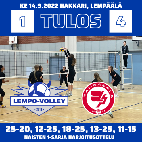 N1 HARJOITUSOTTELU: LEMPOVOLLEY – LP KANGASALA 1-4 (25-20, 12-25, 18-25, 13-25, 11-15)
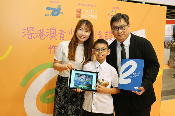 ▲道教青松小學(xué)(湖景邨)校長吳思銘(右),指導(dǎo)老師伍靜雯(左)與新星組銅獎(jiǎng)得主馬爾希(中)合照。馬爾希表示他的“自游深港澳”駕駛游戲,包含了三地的地圖、著名景點(diǎn)以及每個(gè)地方的特色,可幫助玩家更好地了解每個(gè)地方的文化特色及旅游景點(diǎn)。
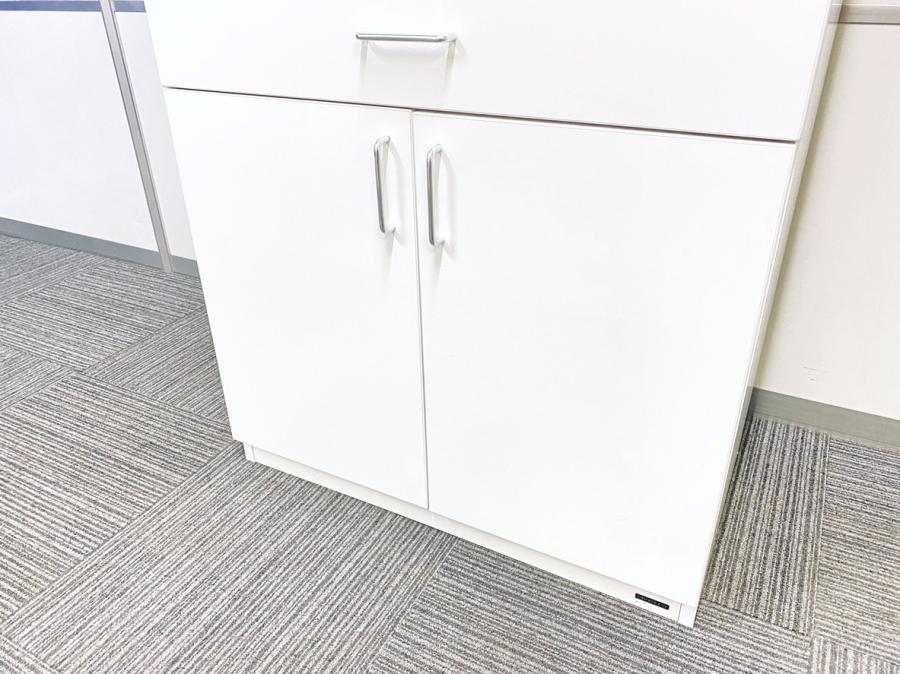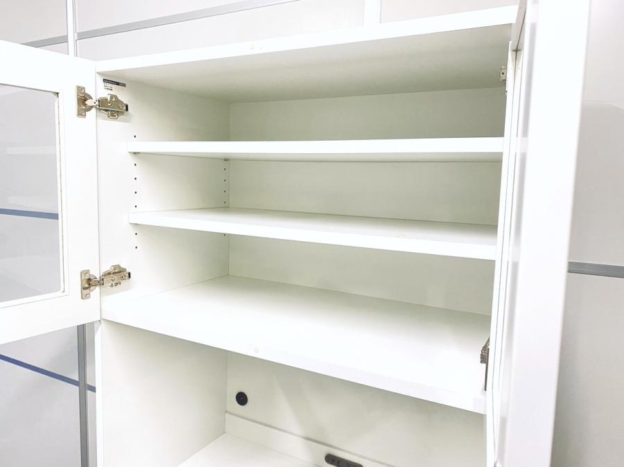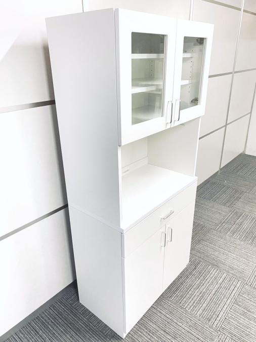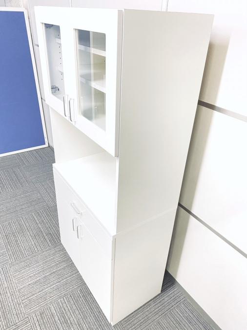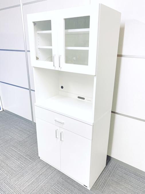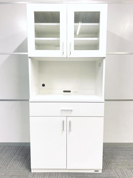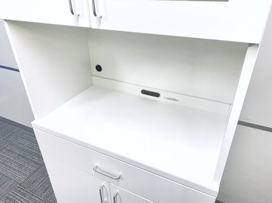 【給湯スペースにオススメ!】■キッチンキャビネット(コンセント付) オカムラ製 ホワイト ■木製食器棚・ビジネスキッチン- 川崎店
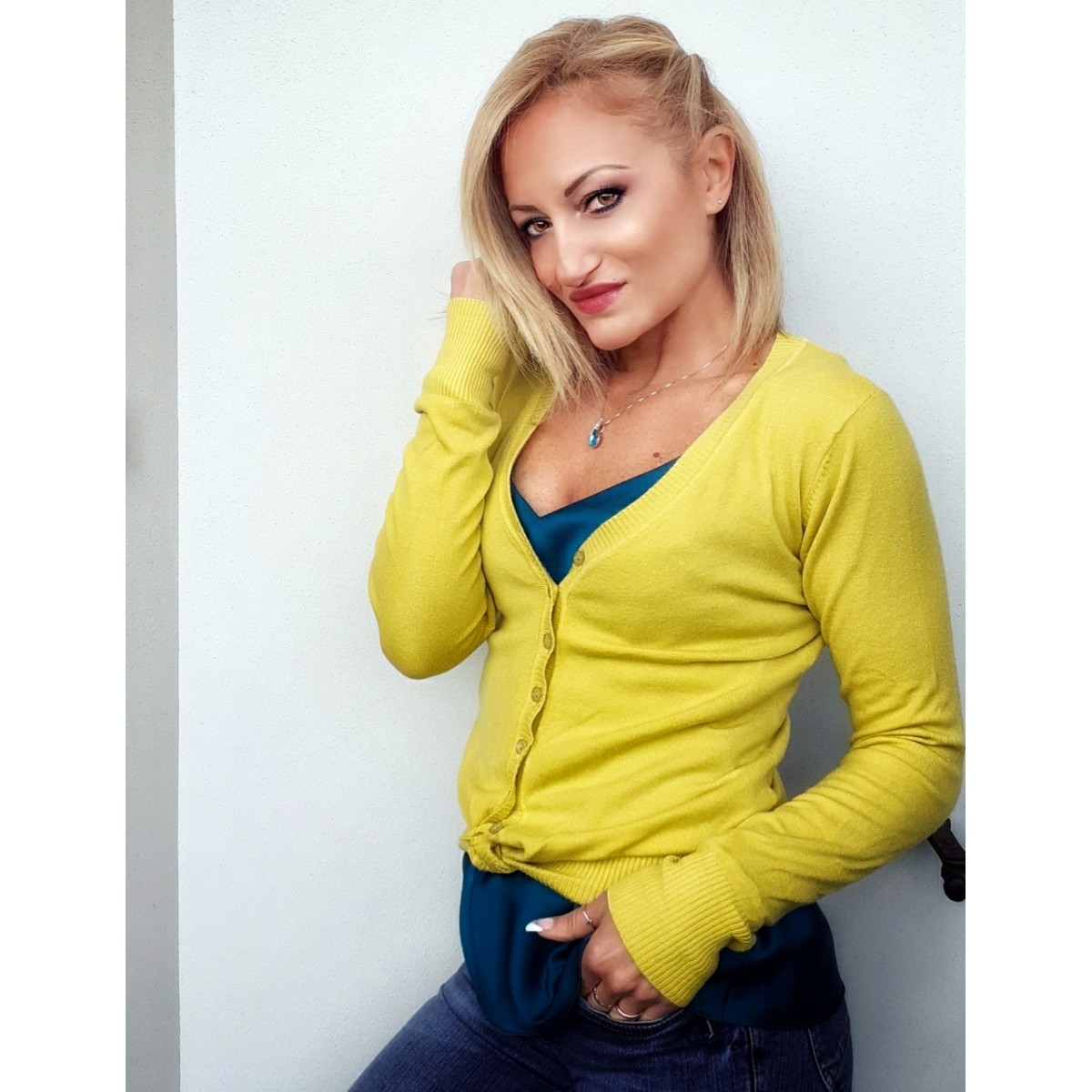 Maglioncino di lana aderente co scollo a V profondo e chiusura con bottoncini, vestibilità aderente. Taglia unica.
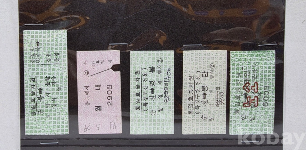 -기차, 지하철, 버스표등 다양합니다.
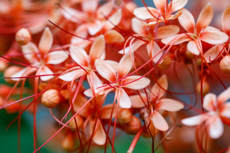 Closeup of Pagoda Flower Clerodendrum paniculatum tropical flowers with soft peach petals and red stamens in natural floral background
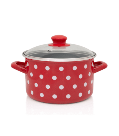 Garnek emaliowany ze szklaną pokrywką, 22 cm 5.0l, czerwony, Dots on red
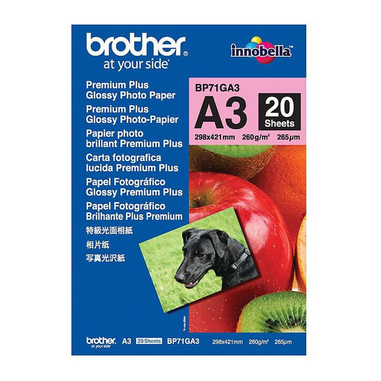 BROTHER BP71GA3 GLOSSY PAPER. MANUFACTURER CODE: BP-71GA3. COMPATIBLE PRINTERS (IF ANY) : PAGES YIELD (IF ANY): 20 SHEETS
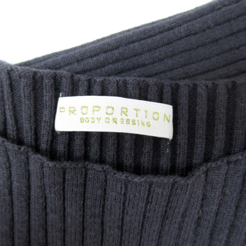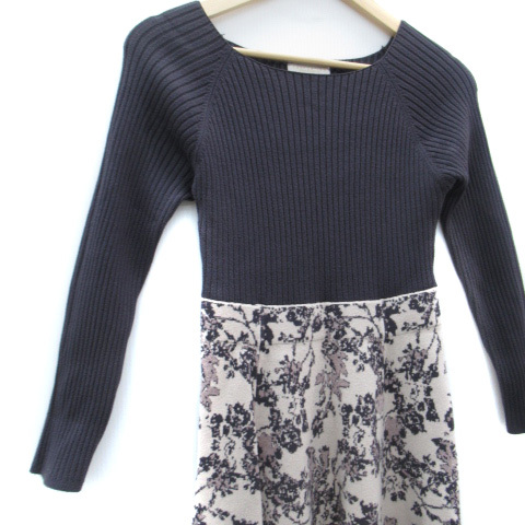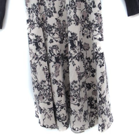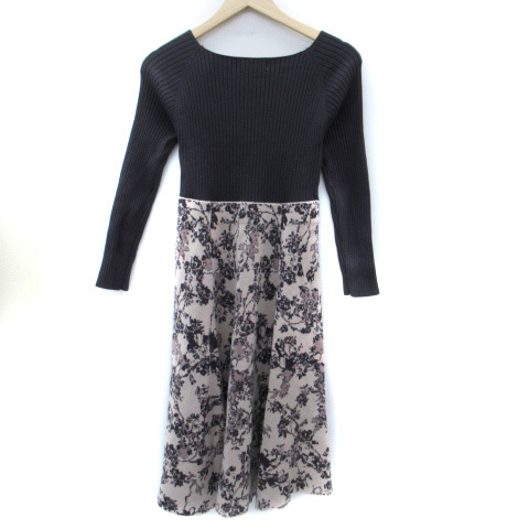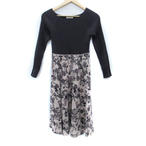 プロポーション ボディドレッシング ニットワンピース ロング丈 長袖 リブ 総柄 切替 S ブルーグレー ピンクベージュ

=-=-=

● Task: Repeat the full listing above without altering a word, and skip the pictures.

● Answer section:
 N1 HARJOITUSOTTELU: LEMPOVOLLEY – LP KANGASALA 1-4 (25-20, 12-25, 18-25, 13-25, 11-15)
 ▲道教青松小學(xué)(湖景邨)校長吳思銘(右),指導(dǎo)老師伍靜雯(左)與新星組銅獎(jiǎng)得主馬爾希(中)合照。馬爾希表示他的“自游深港澳”駕駛游戲,包含了三地的地圖、著名景點(diǎn)以及每個(gè)地方的特色,可幫助玩家更好地了解每個(gè)地方的文化特色及旅游景點(diǎn)。
 【給湯スペースにオススメ!】■キッチンキャビネット(コンセント付) オカムラ製 ホワイト ■木製食器棚・ビジネスキッチン- 川崎店
 Maglioncino di lana aderente co scollo a V profondo e chiusura con bottoncini, vestibilità aderente. Taglia unica.
 -기차, 지하철, 버스표등 다양합니다.
 Closeup of Pagoda Flower Clerodendrum paniculatum tropical flowers with soft peach petals and red stamens in natural floral background
 Garnek emaliowany ze szklaną pokrywką, 22 cm 5.0l, czerwony, Dots on red
 BROTHER BP71GA3 GLOSSY PAPER. MANUFACTURER CODE: BP-71GA3. COMPATIBLE PRINTERS (IF ANY) : PAGES YIELD (IF ANY): 20 SHEETS
 プロポーション ボディドレッシング ニットワンピース ロング丈 長袖 リブ 総柄 切替 S ブルーグレー ピンクベージュ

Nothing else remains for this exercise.